The title, 'Les quatre cent coups' is literally translated as The 400 Blows; however, since it's an idiom, a direct translation is imperfect. The phrase loosely means "Raising Hell", and, while that's not an English interpretation, it's a reasonable approximation.
We are allowed to share some of his private moments, as when he lights a candle before a little shrine to Balzac in his bedroom. The film's famous final shot, a zoom in to a freeze frame, shows him looking directly into the camera. He has just run away from a house of detention, and is on the beach, caught between land and water, between past and future. It is the first time he has seen the sea.
Antoine Doinel was played by Jean-Pierre Leaud, who has a kind of solemn detachment, as if his heart had suffered obscure wounds long before the film began.

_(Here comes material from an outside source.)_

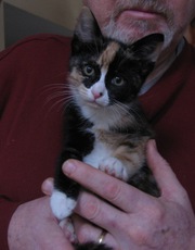 Audrey is stunning! Her coat is lovely and unusual (like an Australian Shepherd's coat). She has beautiful green eyes outlined in black. Audrey is about 3 months old. She is a real lap cat. She is not half as much interested in playing and exploring as she is in being held and cuddled. She loves other animals, including dogs and is great with children. She is a gem of a kitten, anything goes with her. She has no fear and is as curious as a dog.

This was the first in a long collaboration between actor and director.
It is said that this film, which M. Truffaut has written, directed and produced, is autobiographical. That may well explain the feeling of intimate occurrence that is packed into all its candid scenes. From the introductory sequence, which takes the viewer in an automobile through middle-class quarters of Paris in the shadow of the Eiffel Tower, while a curiously rollicking yet plaintive musical score is played, one gets a profound impression of being personally involved—a hard-by observer, if not participant, in the small joys and sorrows of the boy.



Truffaut was cinema

François Roland Truffaut was born in Paris on 6 February, 1932, son of Jeanine de Monferrand and an unknown father. His mother's future husband took him on as an adopted son and gave him his surname. But that was all. From birth the boy was placed in the hands of a nanny, such was the family's shame of having a single mother. From this stranger's hands he was rescued by his maternal grandmother, who took him to live at her house. His grandfather imposed discipline relieved only by the literary and musical predisposition of his grandmother, who taught the boy to love books. Upon her death François, aged ten, moved in with his parents for the first time.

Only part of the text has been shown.